Владимирко даже обиделся.
– Так как же ты говоришь, что есть нельзя, коли не пробовал?
– Мама говорит…
– А мама пробовала?
Владимирко еще больше обиделся и сделал гримасу человека, которого начинает тошнить.
– Ну уж, чего вы говорите… – сказал он несколько сердито.
– Так почему же ты думаешь, что мышь нельзя есть, коли никто не попробовал, можно ли ее, в самом деле, есть?
– А вы ели? – оправился Владимирко.
– Я тоже не ел, только не потому, что ее нельзя есть, а потому, что у нее мясо невкусное, пахнет скверно жиром.
– А вкусное было бы – съели?
– Съел бы.
Владимирко повторил свою гримасу.
– А как же вы знаете, что она невкусная, когда и сами ее не ели? – спросил он лукаво.
– А вот, видишь, есть такие люди, ученые, которые стараются все испробовать, – пробовали и мышиное мясо и нашли, что оно невкусно. Все-таки есть его можно: китайцы вон едят.
– Они сами вам это рассказывали?
– Кто? Китайцы-то?
– Нет, другие-то…
– Ах, ученые! Нет, не сами.
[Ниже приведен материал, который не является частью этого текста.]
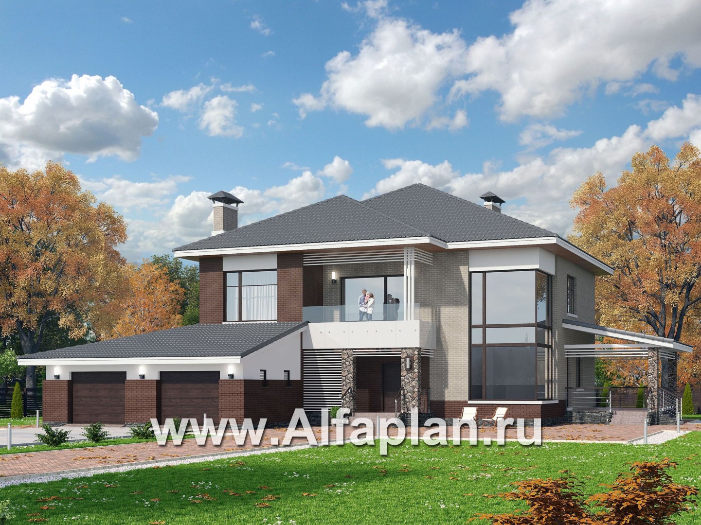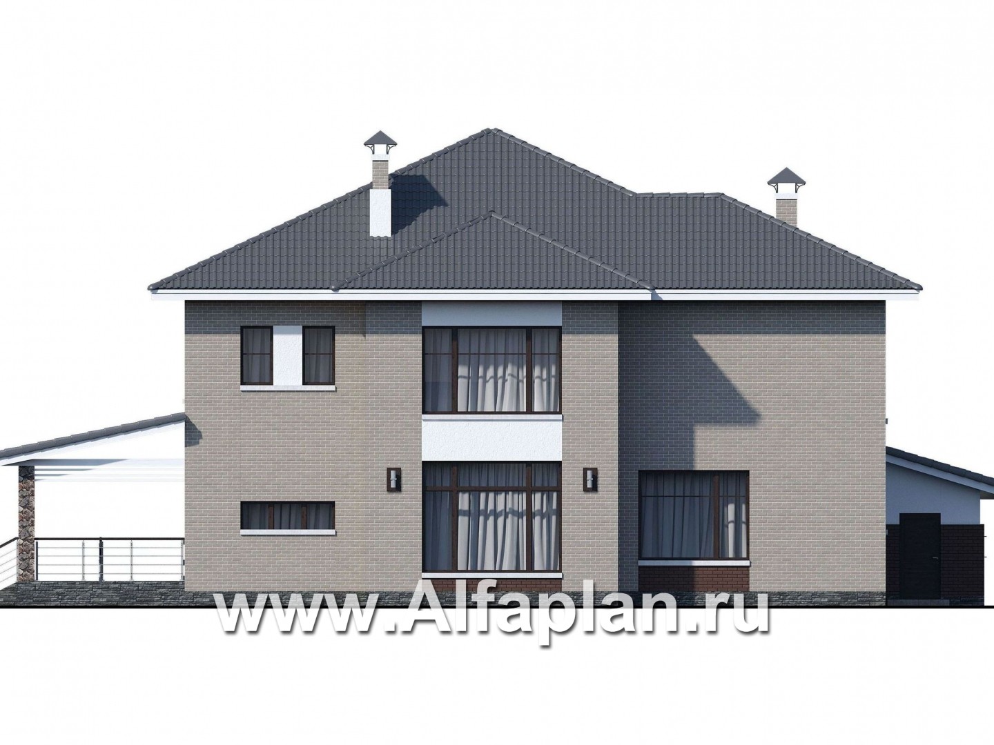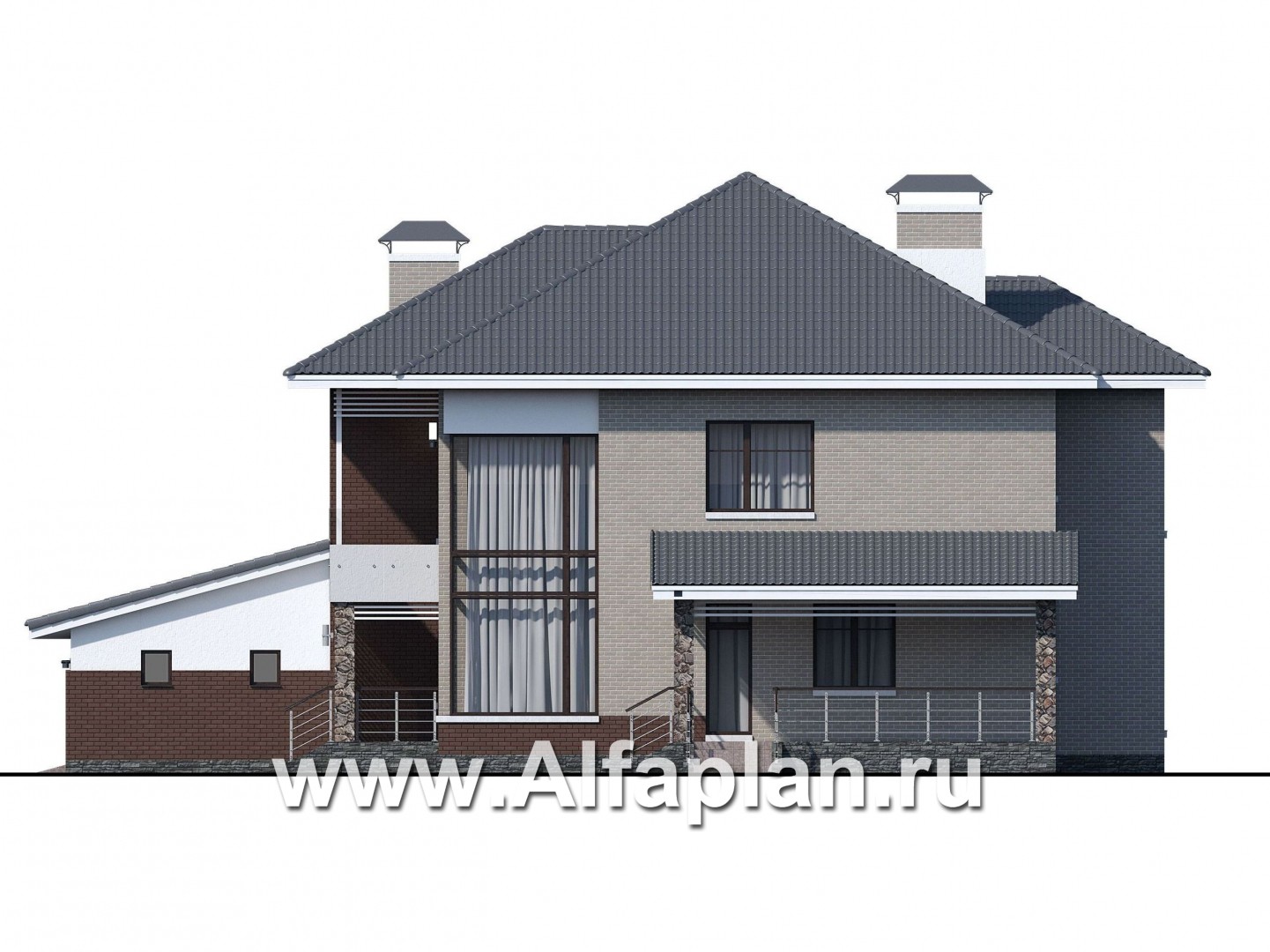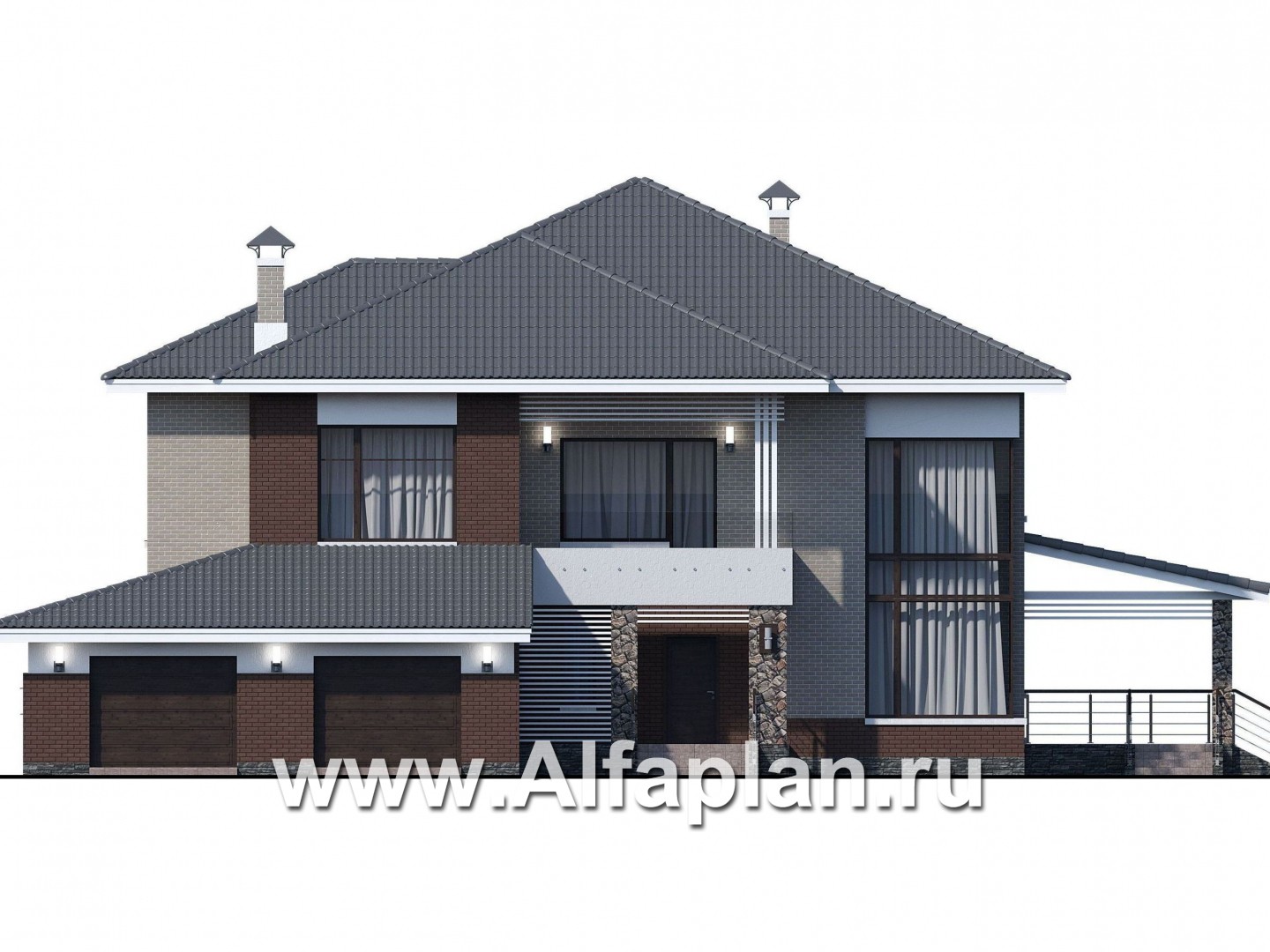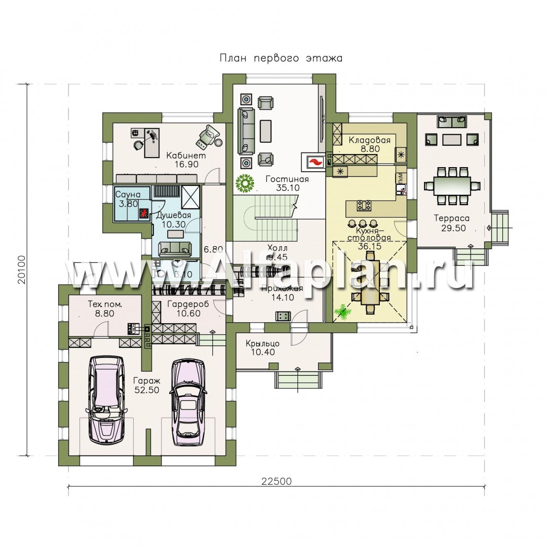 «Луара» — проект двухэтажного дома, планировка с двусветной столовой, с сауной и с террасой, гараж на 2 авто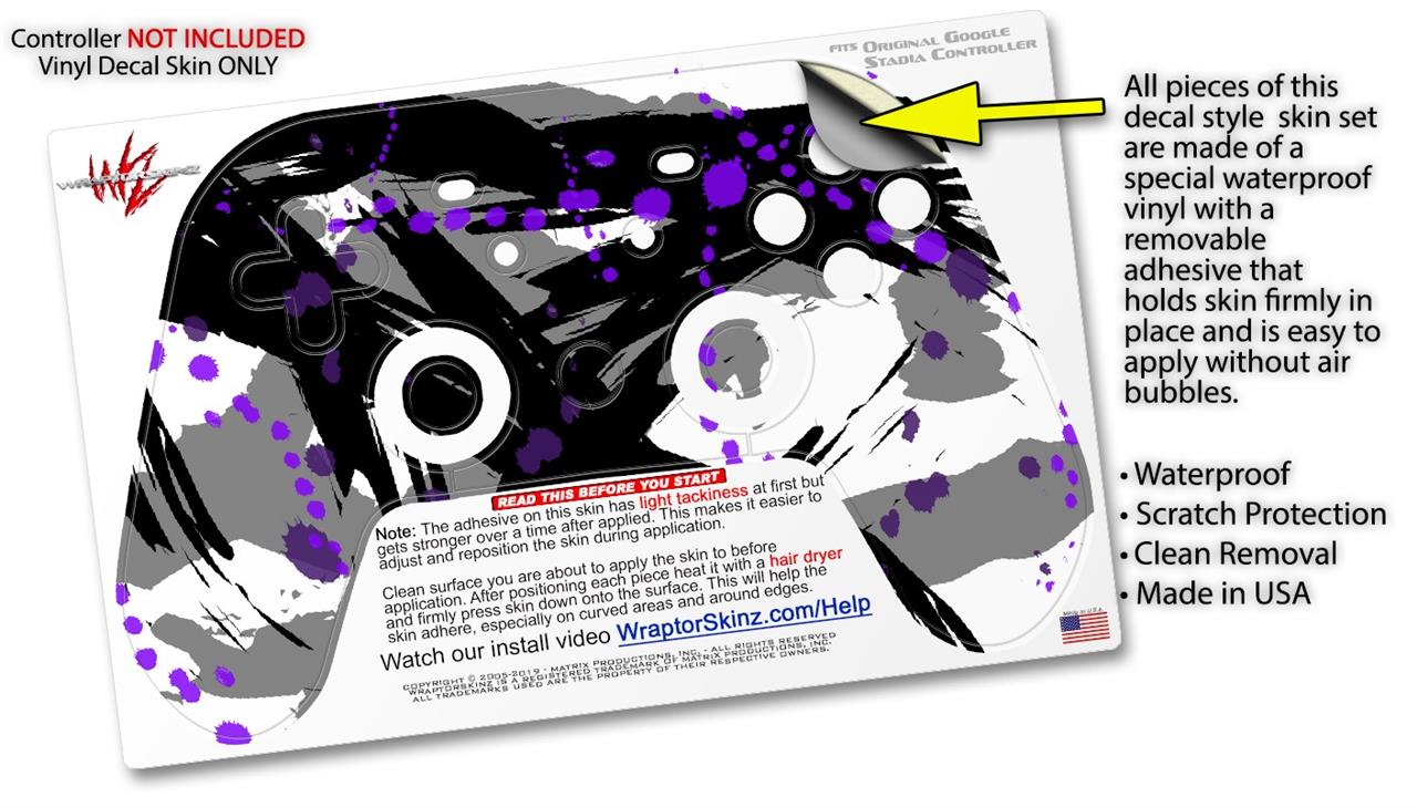 This product is in no way affiliated with or endorsed by Google. WraptorSkinz® skin wraps work with the Original Google Stadia version 1 Controller. Printed using superb photo quality designs and vibrant colors printed with special fade resistant inks that last even in direct sun for years. WraptorSkinz are a composite of two layers of commercial grade materials. The bottom layer is a soft, flexible vinyl with a special removable adhesive that is easily positioned, applied without air bubbles. Next, we print the bottom layer with UV protected, fade resistant inks that deliver superb photo quality designs in vibrant colors. Finally, we bond a professional grade laminate over the entire skin adding a glossy protective finish.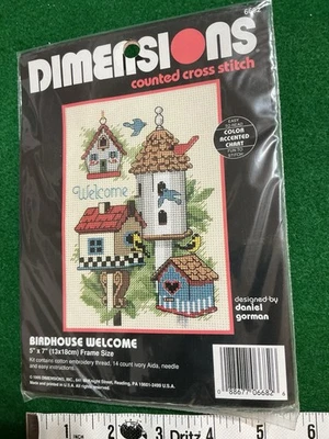 Dimensions Counted Cross Stitch 6682 Birdhouse Welcome AIDA 14 Count VNTG

То есть сами же, пожалуй, да только в книгах, а не лично мне.
Владимирко посматривал на брата крайне недоверчиво. Александр Васильич заметил это и сказал:
– Да вот, лучше всего, мы когда-нибудь сами поймаем мышь, сварим ее, да и попробуем, какой у ней вкус. Вкусной окажется – съедим, а коли невкусная – выбросим.
Владимирко опять скорчил было прежнюю гримасу, но сейчас же и прояснился.
– А вы где будете мышь ловить? В подполье лучше; там их много: во какие!.. – показал он двумя пальцами.
– Можно и в подполье поймать.
– А вот уж таракана, так никто не съест: он с усищами… – захохотал Владимирко.
– Я, брат, однажды съел таракана.
– Съ-е-ли? – растянул удивленно Владимирко. – Зачем съели?
– Да так, дурачился; хотел показать одной барыне, что можно и таракана съесть, не поморщившись, коли захочешь.
– Невку-у-сный? – снова растянул Владимирко, отчаянно сморщив нос.
– Нет, ничего; почти никакого вкуса нет.
– Вы мертвого или живого съели?
– Мертвого.
– А живой в брюхе будет ползать?
– Нет. Он сейчас же переварится в желудке, так что от него и следов не останется.
– Какой вы смешной! – сказал Владимирко. – А я умею по-вороньи каркать, – прибавил он вдруг.
– Ну-ка, каркни.
Владимирко каркнул очень похоже.
– А вы умеете? – спросил он у брата.
Александр Васильич тотчас же приподнялся на постели, уморительно покачал головой, подражая вороне, и так; мастерски каркнул, что у Владимирки даже слюнки потекли. Он по крайней мере с минуту после этого смотрел брату в рот, признав себя решительно побежденным.
– А сороку… – попросил он.
Александр Васильич не менее мастерски изобразил ему и сороку, даже как-то особенно забавно подпрыгнул для этого несколько раз на постели. Тут уж Владимирко пришел в совершенный восторг и, как бы в знак начавшейся дружбы, вскарабкался на брюхо к брату.
– А ты умеешь, Саша, ракетки делать? – спросил он с замирающим сердцем.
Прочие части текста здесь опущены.